N’importe, vif ou mort, les gouffres des enfers

Auront pour ton supplice encor de pires fers.

Là, mille affreux bourreaux t’attendent dans les flammes ;

Moins les corps sont punis, plus ils gênent les âmes,

Et par des cruautés qu’on ne peut concevoir,

Ils vengent l’innocence au-delà de l’espoir.

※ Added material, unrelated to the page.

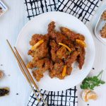 -Ab marinated chicken ko dry flour mixture mein coat ker lein phir pani mein sip karein aur dubara dry flour mixture mein coat ker lein.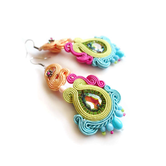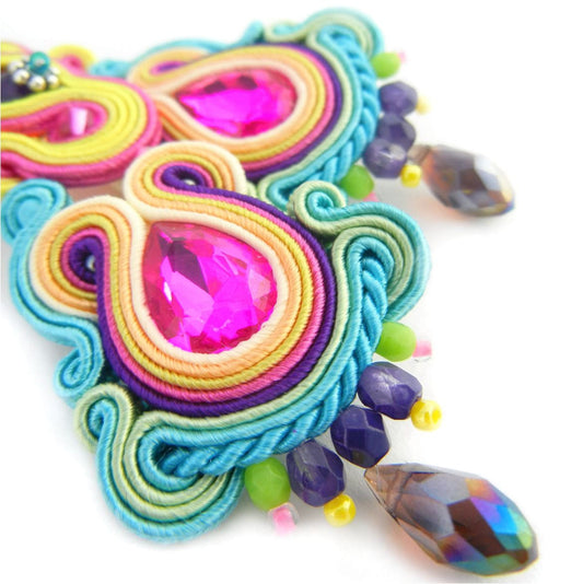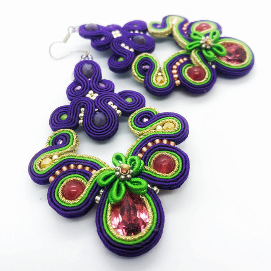 Cornflower blue soutache earrings with fringes 213 Jasmina

Et vous, que désormais je n’ose plus attendre,

Prince, qui m’honoriez d’une amitié si tendre,

Et dont l’éloignement fait mon plus grand malheur,

Bien qu’un crime imputé noircisse ma valeur,

Que le prétexte faux d’une action si noire

Ne laisse plus de moi qu’une sale mémoire,

Permettez que mon nom, qu’un bourreau va ternir,

Dure sans infamie en votre souvenir.

Ne vous repentez point de vos faveurs passées,

Comme chez un perfide indignement placées :

J’ose, j’ose espérer qu’un jour la vérité

Paraîtra toute nue à la postérité,

Et je tiens d’un tel heur l’attente si certaine,

Qu’elle adoucit déjà la rigueur de ma peine ;

Mon âme s’en chatouille, et ce plaisir secret

La prépare à sortir avec moins de regret.